Second, phenomena of ideational alignment occur. When scientists act as experts for policy, they interact, work and discuss with policy-makers, industry representatives, NGOs and other global governance actors, so that common ways of thinking about given policy problems can develop. When scientists work within the walls of universities, such iterations are less direct and tangible, but scientists are influenced in a more diffuse way by the social and political reality around them.
Third, scientists or experts are well aware of policy-makers’ expectations and may calibrate their claims, either because they want to be heard or because they know that only certain options are considered possible. Scientists, thus, may calibrate their findings for the needs of policy.

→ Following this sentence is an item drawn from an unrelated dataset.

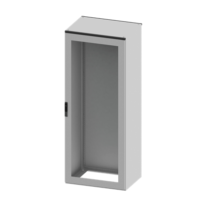 Armadio monoblocco CAE con porta trasparente. Struttura chiusa lateralmente e superiormente in lamiera d’acciaio sp. 15/10 verniciata RAL 7035 epossipoliestere bucciato e fondo con ingresso cavi regolabile. Il retro è in lamiera d’acciaio sp. 15/10 verniciato RAL 7035 bucciato con bordi raggiati antinfortunistici. Da 4 a 10 punti di fissaggio al telaio. La porta é in lamiera d’acciaio sp. 20/10 verniciata RAL 7035 bucciato, con bordi raggiati antinfortunistici. 4 punti di chiusura, 4 cerniere e mostrina con inserto di chiusura tipo aletta doppio pettine Ø3 mm. Vetro di sicurezza sp. 40/10. Grado di resistenza all'urto secondo IEC EN 62208: IK09. Grado di protezione IP55.

In this light scientists’ self-depiction as impartial researchers whose reliance on systematic, rigorous and complex methods ensure the neutrality of their findings can also be seen as an attempt to shield themselves from critique.

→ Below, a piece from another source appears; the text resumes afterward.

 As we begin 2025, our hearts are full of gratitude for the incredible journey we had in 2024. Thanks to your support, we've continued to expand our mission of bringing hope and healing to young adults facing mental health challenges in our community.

Yet, we also cannot just say that every interpretation of natural or social reality is equally valid. By this token we would not be able to dismiss any contention, and this is indeed highly problematic in a world in which many are abusing scholarly debates on the social character of science in order to promote their own politically inspired or financially driven claims.
So how can we tell? How can we tell between climate skeptics and the majority of scientists who tell us that global warming is man made? How do we tell between a ‘conspiracy’ theory and a sensible alternative or perhaps a subjugated way of thinking about social or even physical phenomena?
It is tricky, but I would like to propose that there are ways to tell which do not consist in forcefully showcasing scientists’ seeming objectivity and impartiality and re-establish scientific authority on that basis.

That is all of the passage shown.